Я назвал десятка два городов, и он сокрушённо качнул крупной головой:

– Гм... Вы знали, что в Белом Камне... гм... был маленький Чернобыль? Да, в печати не сообщали об этом... гм. Да, понимаю, но больше туда не ездите... гм. Договорились?

Идя по коридору, я ловил любопытные взгляды больных и рассуждал про себя. "Какой же пожар они собираются у меня гасить? Профессор так и сказал: загасим... гм, но лежать придётся... гм... долго".

В палате, кроме "четвёртого", - никого. Я навзничь, как подстреленный, бухнулся на кровать и отрешённо уткнулся в стенку.

– Не спите? – сквозь затуманенное сознание пробился голос "четвёртого".

Я резко перевернулся на спину. Он сидел рядом на стуле, подложив под себя ладони:

– Не берите в голову, всё образуется – вот увидите.

Я смотрел в эти васильковые глаза – они словно баюкали, и мне вдруг сразу захотелось, чтобы он говорил, говорил как можно дольше.

Почувствовав, что я слушаю, "четвёртый" продолжил:

– Сколько мне довелось пережить – не приведи Господь кому... Три раза сажали: один раз немцы, два наши. До пятьдесят первого долбил уголёк в Осинниках за лагерную баланду. Потом таких, как я, определили вроде... на поселение, чтобы два раза в неделю отмечались у "кума". Меня отправили в Зыряновку. Вдвоём с одним бедолагой соорудили землянку. Почему, говоришь, домой не вернулся? Так нельзя: по пятьдесят восьмой ведь проходил. Списался с родными – сам я с Кубани. Отец с фронта не вернулся, следом брат младший... Мать умерла в сорок седьмом. Жениться не успел. Была одна, дочь наших соседей, так столько лет прошло с тех пор. А тут познакомился со своей Татьяной...

Он вдруг прерывисто задышал, стал торопливо шарить рукой в карманах. Пыхнув несколько раз ингалятором, виновато произнёс:

– В Югославии... заработал. В горах там даже летом холодно, особенно ночью. Ну, так вот... – дальше продолжил он, – в шахтовой столовой она работала. На десять лет её был старше, а полюбила...

"Четвёртый" смущённо махнул ладонью, Васильковые глаза его налились такой синью, что я невольно подумал: "Да за такие глаза женщины с ума сходят".

– Моя Татьяна в молодости, – снова донёсся его тихий голос,– складная была: черноглазая, цыганистая, одна коса чего стоила – во всю спину! А родня её так и не приняла меня: "За зэка замуж! Вон сколько парней сохнет – только моргни глазом".

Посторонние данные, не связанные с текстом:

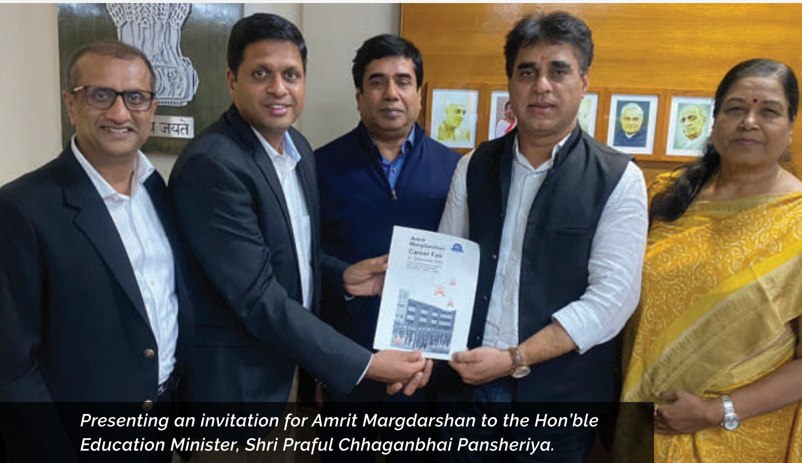
Presenting an invitation for Amrit Margdarshan to the Hon'ble Education Minister, Shri Praful Chhaganbhai Pansheriya.

Пошёл я, как положено, в конце недели к "куму": так, мол, и так – жениться приспело, а жить негде. Да и родня её житья нам не даст. А я не пил, не курил, лишнего не болтал, ни-ни... и на работе были мной довольны. Сведения, конечно, у него обо мне были. И вы верите: помог ведь. Перевели в Абашево, на другую шахту. Комнату дали в бараке, и зажили мы душа в душу. С получки купили гармонь – отец мой в станице был первым гармонистом, меня научил играть.
 
На втором месяце она была, когда забрали меня. Пятьдесят восьмая сразу по двум пунктам: измена Родине и шпионаж в пользу иностранного государства. И загремел я на двадцать пять лет в северные лагеря. В третий раз!

Когда увозили, Татьяна моя добилась-таки свидания. Сама бледная – лица на ней нет. Лучше бы я пятым лишним... тогда, в сорок втором...

Он вдруг опять стал ловить посиневшими губами воздух. Молчание затягивалось. Я уже и не надеялся услышать продолжения рассказа, когда "четвёртый" с видимым усилием, будто свело горло, заговорил:

– Сказала: "Ждать не буду, прости – молодая ведь ещё". А ещё сказала, что ребёнка не будет... И ушла, ни слезинки в глазах. Эх... мать честная!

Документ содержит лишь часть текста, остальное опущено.